It's still not evident why the empty program takes additional 0.6 seconds after __asan_init()
has finished.
Dima suspects that this can be caused by delayed effects of copying or caching.
Reported by [email protected]
on 2012-01-12 15:14:49
from sanitizers.
Attached is the Shark profile for this program.
Most of the time is spent in vm_map_lookup_locked, which is invoked by user_trap()

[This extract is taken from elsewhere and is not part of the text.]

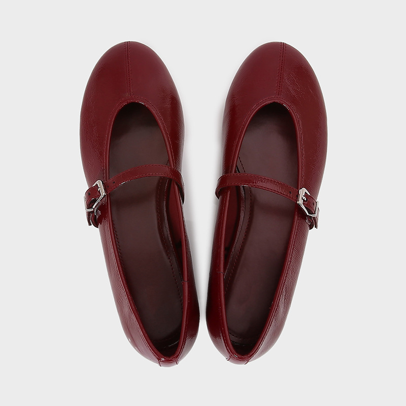 ZA2025 봄 새로운 여성 신발 레드 특허 가죽 효과 발레 플랫 신발 캐주얼 얕은 입 플랫 힐 싱글 신발

(50.9%) and exit() (23.9%)
Reported by ramosian.glider
on 2012-01-13 09:35:01
- _Attachment: [shark-asan.txt](https://storage.googleapis.com/google-code-attachments/address-sanitizer/issue-24/comment-6/shark-asan.txt)_
from sanitizers.
Okay, we have two problems here.
First, mach_override_ptr is slow because of the free memory lookups that do too many
vm_allocate calls. This used to take up to 8 seconds on our machine. My solution is
to externalize the branch island allocator so that it can pre-map some memory and minimize
the allocation cost. The draft implementation has sped up an empty asan_test64 run
to some 0.8 seconds.
Second, allocating the shadow memory bloats the virtual page table and slows down the
lookups and the shutdown process. For example, the following program:
==============
#include <sys/mman.h>
int main() {
void *t = mmap(0, 0x00000fffffffffffUL, PROT_READ| PROT_WRITE,
MAP_ANON | MAP_PRIVATE | MAP_NORESERVE, -1, 0);
}
==============
, which maps runs for 0.55 seconds on our machine without AddressSanitizer. Most of
this time is spent in the virtual page table lookups on shutdown.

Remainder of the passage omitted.